• **What is required**
Only a verbatim restatement of the lines from the one with "Itinerari per famiglie" through the end of the listing below is wanted. Pictures should be left out.

• **Data excerpt**
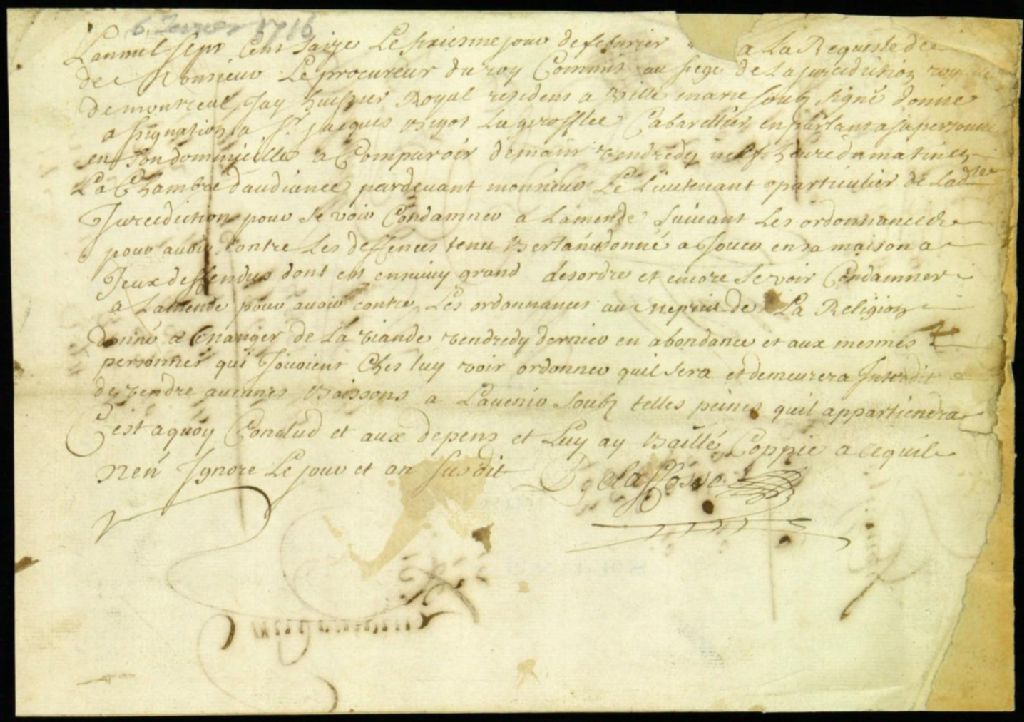 Procès contre Jacques Bigot dit Lagiroflée, cabaretier, accusé d'avoir contrevenu aux règlements du vendredi, 6 février 1716, Archives nationales à Montréal, Fonds Juridiction royale de Montréal, (06M,TL4,S1,D1855).
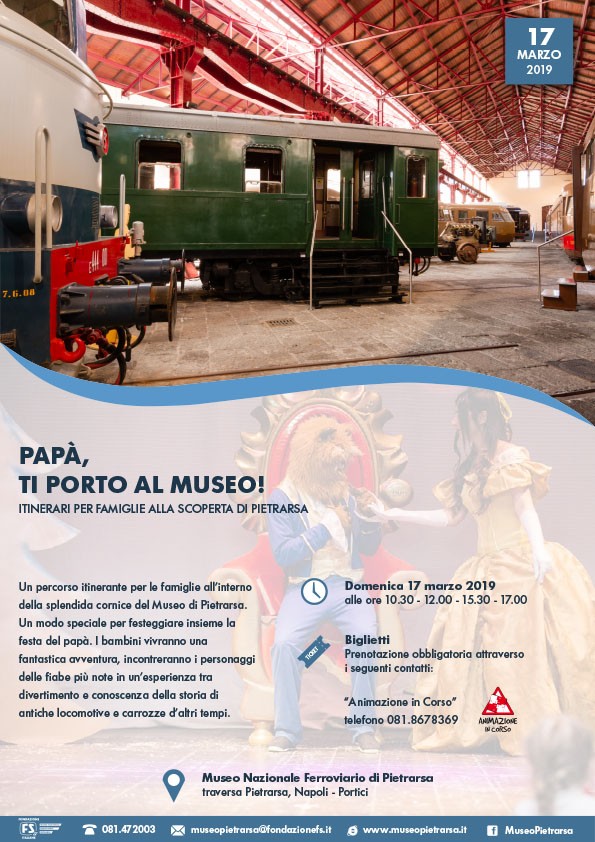 Itinerari per famiglie alla scoperta di Pietrarsa. Un modo speciale per festeggiare insieme la festa del papà. I bambini vivranno una fantastica avventura, incontreranno i personaggi delle fiabe più note in un’esperienza tra divertimento e conoscenza della storia di antiche locomotive e carrozze d’altri tempi.
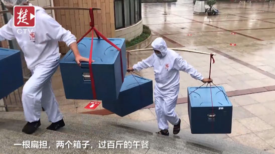 每天爬8趟,负重千斤!武汉食堂师傅化身校园挑山工为学生送饭

• **Solved problem**
 Itinerari per famiglie alla scoperta di Pietrarsa. Un modo speciale per festeggiare insieme la festa del papà. I bambini vivranno una fantastica avventura, incontreranno i personaggi delle fiabe più note in un’esperienza tra divertimento e conoscenza della storia di antiche locomotive e carrozze d’altri tempi.
 每天爬8趟,负重千斤!武汉食堂师傅化身校园挑山工为学生送饭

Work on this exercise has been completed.